When you reach the line containing "Site dédié aux", begin reproducing the lines exactly and continue through the end of the listing, leaving out the pictures.
= Beginning of Section =
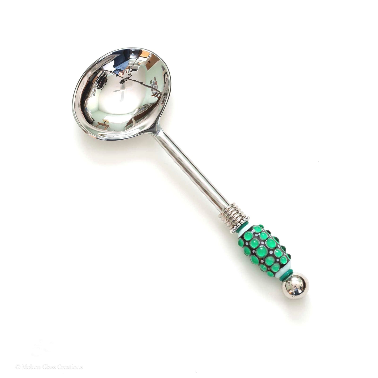 Elegant and colourful range of ladles, spoons, salad serving sets, cake serving sets and knives beaded with magnificent glass beads. The beaded serving ware will make excellent, one-of-a-kind gifts for weddings, bridal showers, hostess gifts, family and friends.
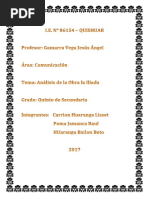 obra, forjadora de almas, se difunde el elogio de la 3. Agamenón devuelve a Criseida, peor toma a la
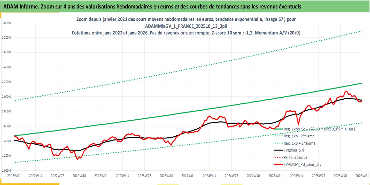 Site dédié aux investisseursPage dédiée sur site financeAnalyse des valorisations hebdomadaires du portefeuille ADAMMixGV_1_FRANCE_202510_13_3p0_5actifs avec un profil P6_PurActions. Ce portefeuille est cote en EUR. Les valorisations couvrent les semaines 1997W01 a 2026W01. Les revenus de cet actif financier sont pris en compte depuis la semaine 1997W01. La note globale ESG de cet actif est estimee a 11.0 (apres rebasage entre 0 et 20).
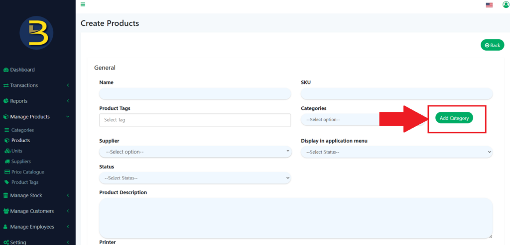 7. When you are redirected to the creating product page, you click on the “Add Category” button to add a new category.
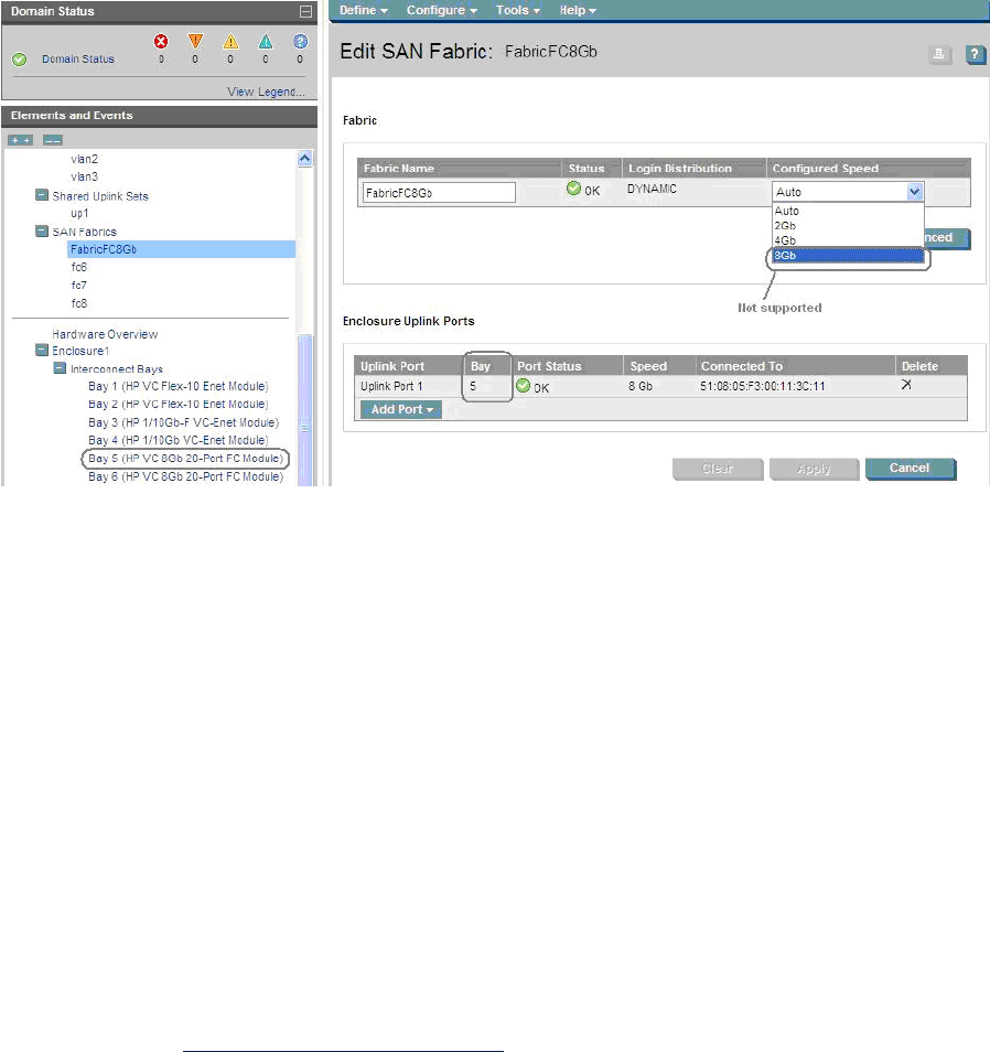 Fibre Channel Port Speed cannot be set to 8Gb for a HP Virtual Connect 8-Gb 20-Port Fibre
= End of Section =
* [RESPONSE]:
 Site dédié aux investisseursPage dédiée sur site financeAnalyse des valorisations hebdomadaires du portefeuille ADAMMixGV_1_FRANCE_202510_13_3p0_5actifs avec un profil P6_PurActions. Ce portefeuille est cote en EUR. Les valorisations couvrent les semaines 1997W01 a 2026W01. Les revenus de cet actif financier sont pris en compte depuis la semaine 1997W01. La note globale ESG de cet actif est estimee a 11.0 (apres rebasage entre 0 et 20).
 7. When you are redirected to the creating product page, you click on the “Add Category” button to add a new category.
 Fibre Channel Port Speed cannot be set to 8Gb for a HP Virtual Connect 8-Gb 20-Port Fibre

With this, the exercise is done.